Tribunal Administratif de Montpellier — Décision N° TA34-2201964

vendredi 6 décembre 2024

JuridictionTribunal Administratif de Montpellier
SectionTribunal Administratif de Montpellier
N° DossierTA34-2201964
TypeDécision
RecoursPlein contentieux
PublicationC
Formation3ème chambre
Avocat requérantCABINET DLA PIPER UK LLP

Résumé IA

Le Tribunal Administratif de Montpellier a rejeté la requête de la société PhaseView SARL, qui contestait un titre exécutoire émis par l’université de Montpellier pour le remboursement d’un trop-perçu de subventions européennes. Le tribunal a jugé que le titre était régulier, car le courrier d’accompagnement du président de l’université permettait d’identifier l’auteur de la décision, et que les bases de liquidation étaient suffisamment détaillées dans les échanges antérieurs. La demande de décharge de la somme de 34 619,79 euros a donc été rejetée, sans que soit examiné le fond de la créance. La décision s’appuie sur les articles L. 212-1 du code des relations entre le public et l’administration et 24 du décret n°2012-1246 du 7 novembre 2012.

Texte intégral

Vu la procédure suivante :

Par requête et mémoires, enregistrés les 19 avril 2022 et 20 janvier et 20 mars 2024, PhaseView SARL, représentée par Me Pentecoste, demande au tribunal d'annuler la facture valant titre exécutoire émise à son encontre le 9 février 2022 par l'université de Montpellier, de la décharger du paiement de la somme de 34 619,79 euros, et de mettre à la charge de l'université de Montpellier une somme de 10 000 euros au titre de l'article L. 761-1 du code de justice administrative.

Elle soutient que :

- le titre exécutoire ne permet pas d'identifier son auteur et n'est pas signé, et il méconnait l'article L212-1 du code des relations et l'administration ;

- la délégation produite en défense, non publiée, ne donne pas compétence à

M. C ;

- le titre n'indique pas les bases de liquidation, aucun document n'est joint, et il ne mentionne pas les documents prétendus précédemment adressés ;

- une partie de la créance, couts institutionnels de 21 750 euros, a fait l'objet d'un prélèvement à la source par l'université, conforme à l'article 3-3 de l'annexe IB du grant agreement ;

- la créance n'est pas fondée en droit, le délai d'un an pour accueillir la chercheuse ne figure pas dans l'article 32 du grant agreement, et il a été respecté, elle a été accueillie par le CNRS ;

- l'exclusion, fait générateur qu'elle a contesté, est disproportionnée, il n'y a pas de manquement grave prévu par l'article 50-3 ;

- M. A était incompétent pour la prononcer.
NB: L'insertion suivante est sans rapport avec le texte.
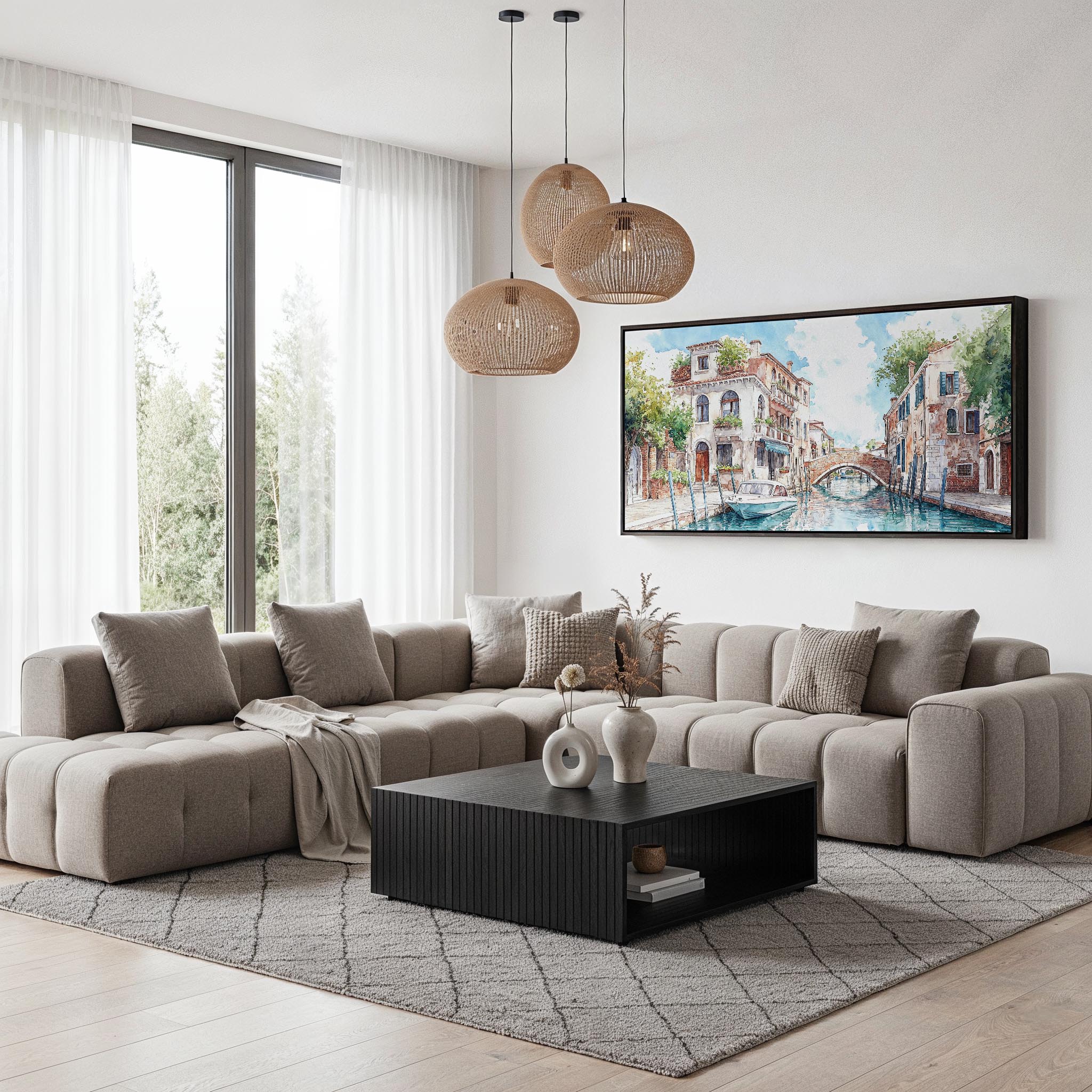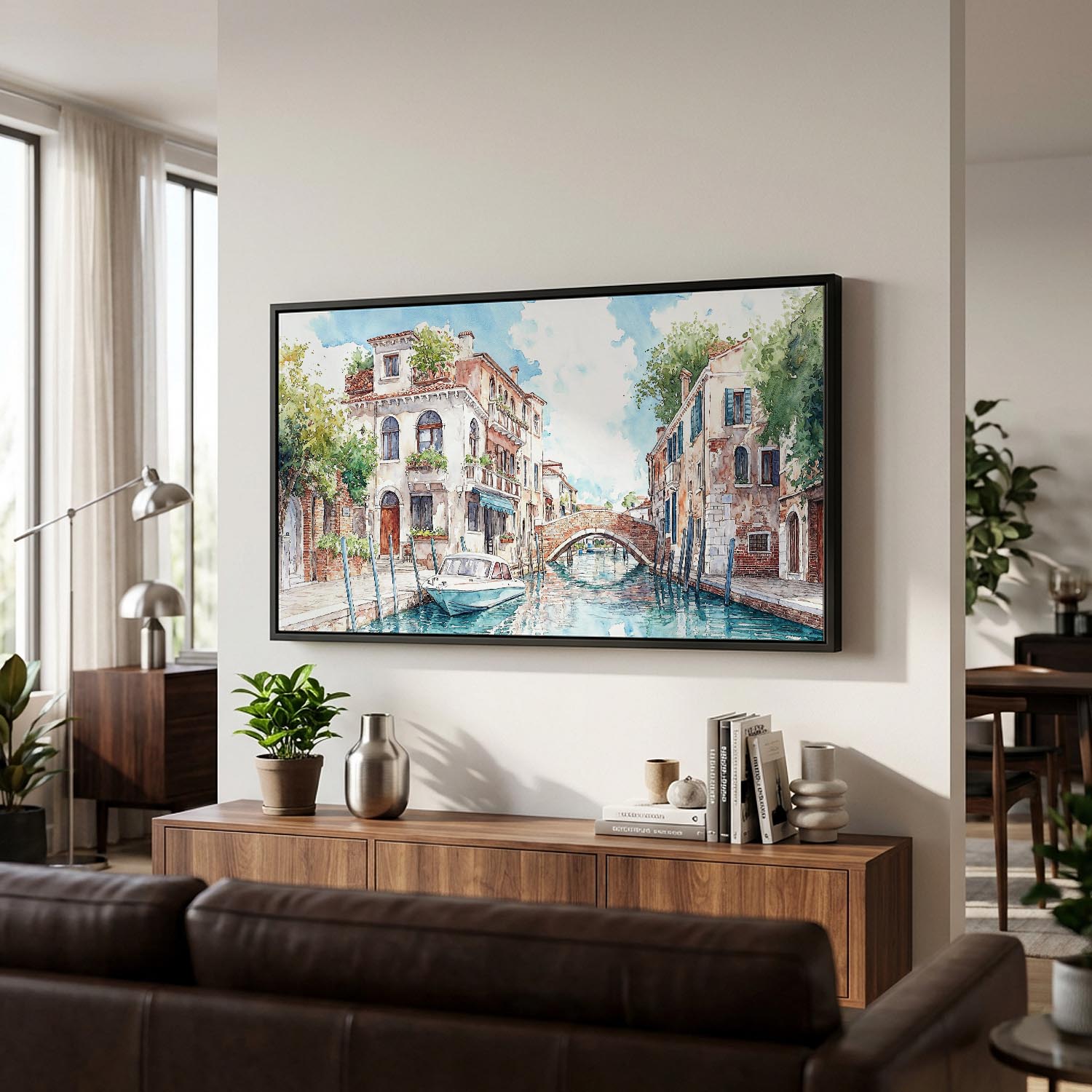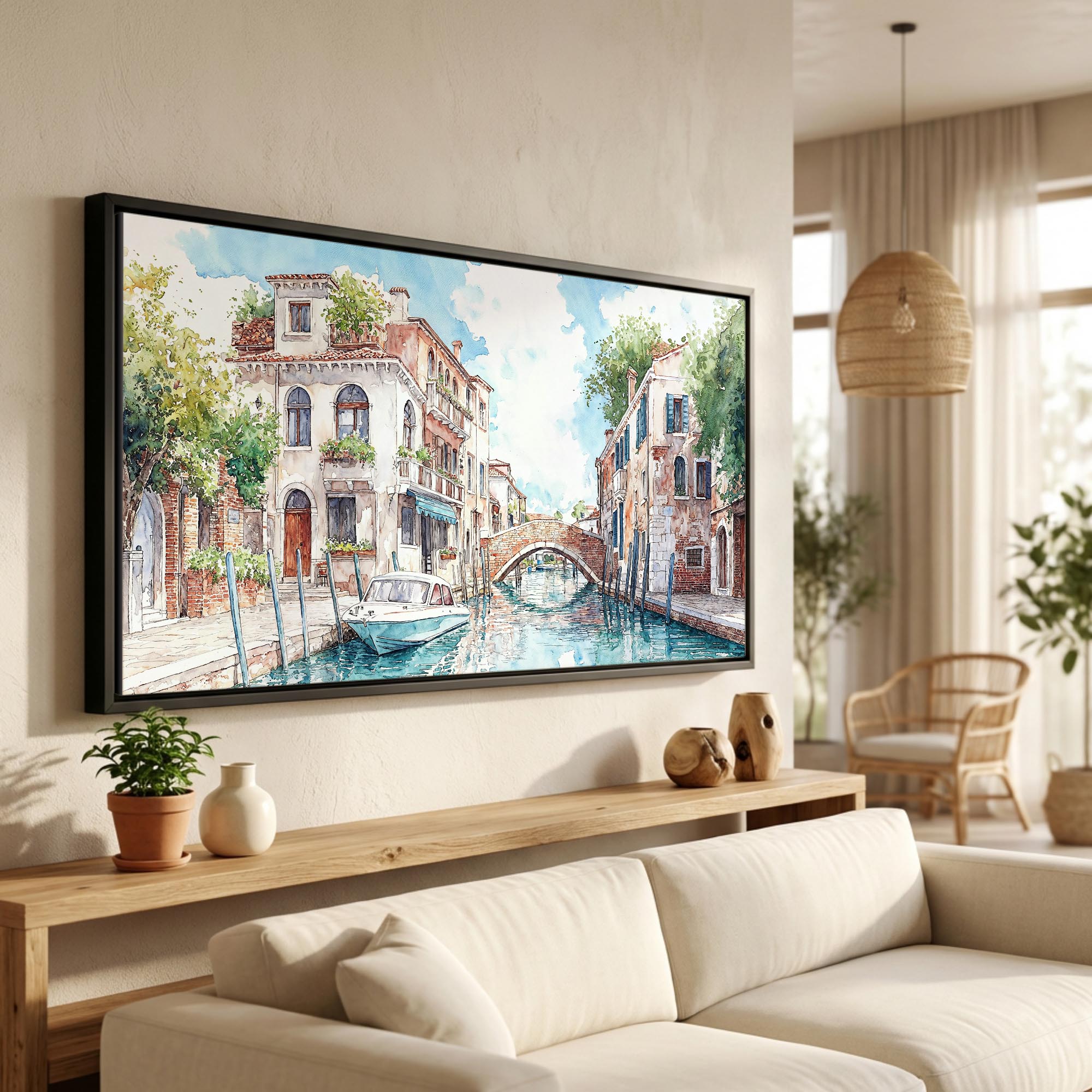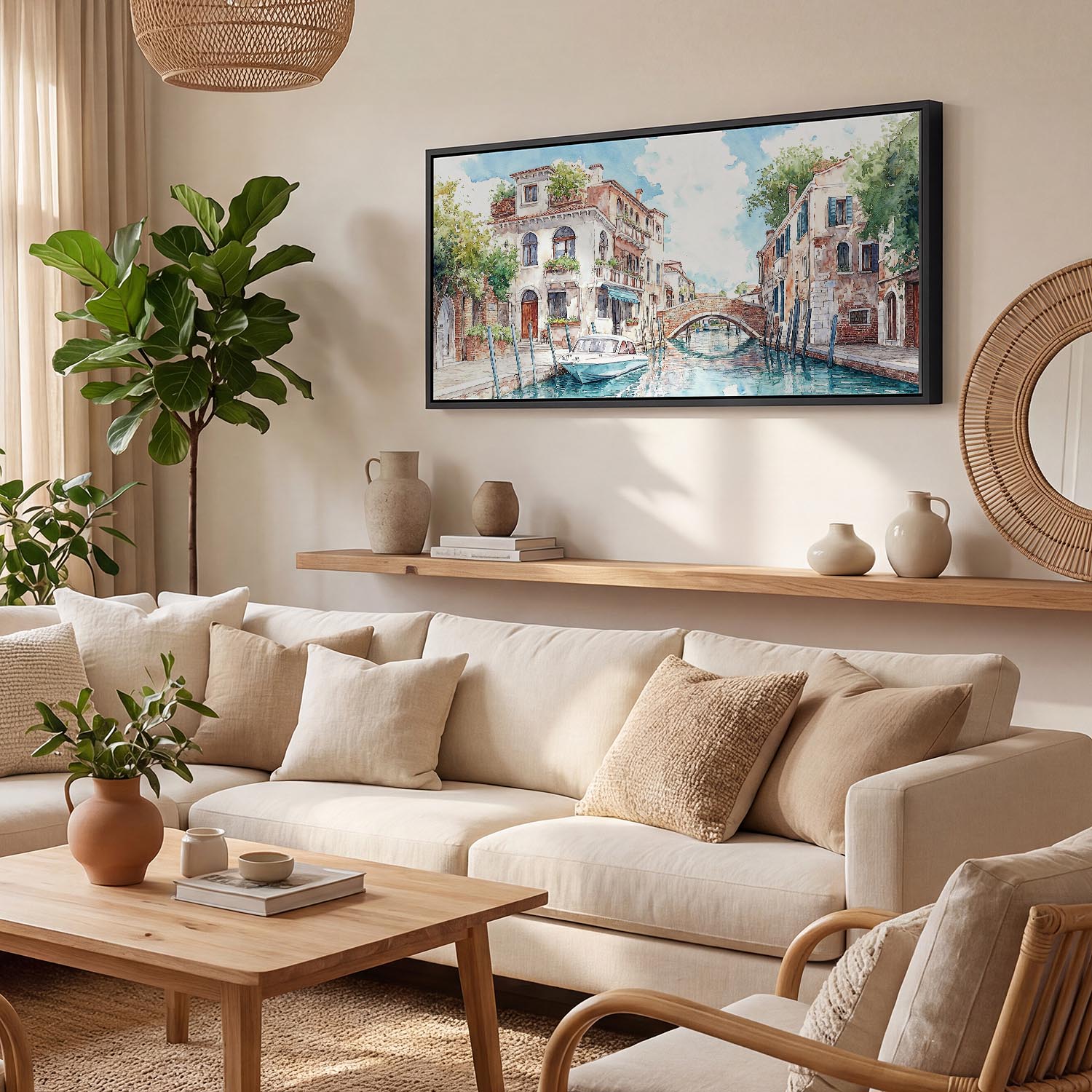 This artwork captures the enchanting canals of Venice, showcasing picturesque buildings and tranquil waters. With its expansive 2:1 panoramic format, this print enhances the ambiance of any room, creating a sense of depth and openness. Crafted in the US on hand-stretched canvas with fade-resistant inks and a matte finish, it’s designed to last and comes ready to hang. Ideal for display above sofas, in hallways, or offices, this piece makes for a thoughtful gift or a personalized addition to your own collection.

Par mémoires, enregistré les 20 janvier 2023 et 20 février 2024, l'université de Montpellier conclut au rejet du recours.

Elle soutient que les moyens invoqués sont infondés.

Par ordonnance du 21 février 2024 la clôture d'instruction a été fixée au 22 mars 2024 midi.

Vu les autres pièces du dossier.

Vu :

- le code des relations entre le public et l'administration

- le décret n°2012-1246 du 7 novembre 2012 ;

- le code de justice administrative.

Les parties ont été régulièrement averties du jour de l'audience.

Ont été entendus au cours de l'audience publique :

- le rapport de M. Rabaté, rapporteur,

- les conclusions de Mme Delon, rapporteure publique,

- les observations de Me Heckennoth, pour la requérante.

Considérant ce qui suit :

Sur l'exposé du litige :

1. La PhaseView SARL a été désignée attributaire, en consortium notamment avec l'université de Montpellier, coordonnateur, d'un projet de recherche européen sur le développement de méthodes d'imagerie sur les vertébrés, les participants et l'agence de recherche européenne, par délégation de la commission européenne, ayant signé le 26 aout 2016 un " accord de subventionnement " ou " Grant Agreement ", puis elle s'est retirée du consortium le 16 novembre 2019. Par sa requête, elle demande d'annuler la facture valant titre exécutoire émise à son encontre le 9 février 2022 par l'université de Montpellier, et de la décharger du paiement de la somme de 34 619,79 euros qui lui est réclamée au titre du

trop-perçu de subventions.

Sur la demande d'annulation et de décharge :

En ce qui concerne la régularité du titre exécutoire :

2. En vertu de l'article L. 212-1 du code des relations et l'administration " Toute décision prise par l'une des autorités administratives mentionnées à l'article 1er comporte, outre la signature de son auteur, la mention, en caractères lisibles, du prénom, du nom et de la qualité de celui-ci ".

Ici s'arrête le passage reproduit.